O ministro também repercutiu a divulgação do relatório do Centro de Pesquisa de Desenvolvimento em Telecomunicações (CPqD) sobre o modelo de referência do SBTVD, que foi divulgado pela imprensa especializada. De acordo com o documento, os custos para o usuário, as Unidades Receptoras Digitais (URDs) do padrão ISDB seriam de 15% a 18% mais caras que as URDs do padrão europeu (DVB) - algo a partir de 761 reais -, dependendo da complexidade e dos recursos da caixa, mas esse cálculo não leva em conta os royalties do middleware e do sistema de modulação japonês, pois os dados não foram fornecidos. No caso do ATSC, o custo das URDs seria de 8% a 10% maior - por volta de 715 reais.

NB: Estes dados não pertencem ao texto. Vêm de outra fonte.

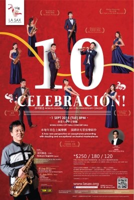 La Sax, founded in 2005 by local saxophone talents, is regarded as one of the earliest saxophone ensembles in Hong Kong. With the goal of encouraging public interest in the art of classical music, La Sax dedicates to providing high quality concerts to the audience. Over the years, La Sax has been performing extensively in Hong Kong and Asian countries. Remarkable concerts includes “SaxoCarnival” at the Hong Kong City Hall, “Shall We Sax?” at Sha Tin Town Hall, and various public performances at every part of Hong Kong. In August 2014, La Sax was awarded the Jury Special Prize at the Singapore Woodwind Festival. In 2015, La Sax hold its 10th Anniversary Celebration Concert at the Hong Kong City Hall, performing with world renowned saxophonist Mr Nobuya Sugawa. Media coverage of the concert included TVB, RTHK, Sing Tao Daily, Ming Pao, Hong Kong Economics Times and more. Since then, La Sax has continued to grow with a rapidly increasing presence in various concerts and events, and has expanded to an ensemble that consist of more than ten saxophone enthusiasts. Members of La Sax combines professional musicians, music graduates and music students from local institutions, sharing the same passion on saxophone playing.
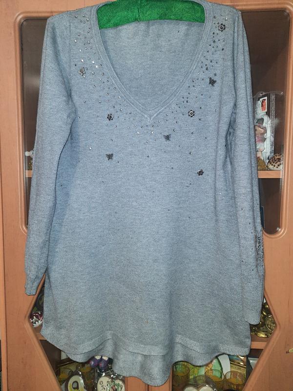 Дуже гарна кофтинка/тунічка Спереду камінчики із метеликами На рукаві також дуже гарна вишивка метелика з камінчиками Плечі - 37 см + Рукав від плеча - 63 см Від пройми до пройми - 46 см + Довжина : перед - 72 см зад - 79 см Колір : мокрий асфальт В новому стані тільки трішки є катишків з одного боку. Розмір написано M/L
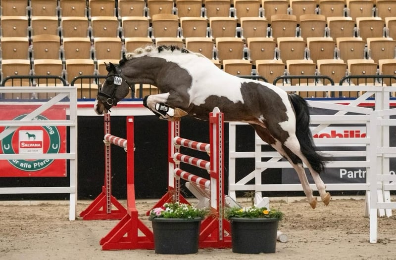 Romano ist ein höchst nobler und charismatischer Sohn des Petit Rock the Moment, der sich anschickt das züchterische Erbe seines Vaters fortzuführen. Anlässlich seiner Körung im Februar 2025 galt er bereits als Publikumsliebling und konnte den Körplatz in den Holstenhallen zu Neumünster, neben dem Prädikat gekört, als Prämienhengstanwärter verlassen. Seine Mechanik, Manier und Vermögen am Sprung und sein ausgegli9chener Charakter überzeugten nicht nur die Körkommission sondern auch das Publikum. Seine auffällige Scheckzeichnung verleiht seinem harmonischen, gut aufgeteiletem Exterieur das gewisse Extra und sorgt dafür, dass dieser Hengst im Gedächtnis bleibt. Besonders vor dem Hintergrund, dass Petit Rock the Moment derweil als Wallch nicht mehr züchterisch eingesetzt werden kann, freuen wir uns unseren Züchtern diesen Eyecatcher im Natursprung zur Verfügung zu stellen. Derzeit befindet sich Romano in der Vorbereitung auf seine ersten Turnierstarts und steht Fremdstuten bei uns zur Verfügung

O custo da URD varia muito, sendo menor em uma caixa básica e maior em uma caixa avançada, com maior possibilidade de interatividade, capacidade para alta definição e definição padrão, etc. No caso do DVB, elas custariam entre 233 reais e 662 reais, por exemplo. A caixa não computa o custo do monitor de vídeo, que pode ser um monitor de LCD, plasma ou uma tela com definição padrão, por exemplo, e cujo custo varia de acordo com o tamanho. O ministro contestou, no entanto, os valores e disse que no padrão ATSC o custo seria de 53 dólares e que havia fabricantes que anunciaram a produção em 43 dólares.
O documento do CPqD conta com 141 páginas e faz uma ampla análise do SBTVD, com capítulos destinados a alternativas de modelos de implantação e exploração, análise de viabilidade de riscos e de oportunidades e propostas de modelo de implantação e de exploração.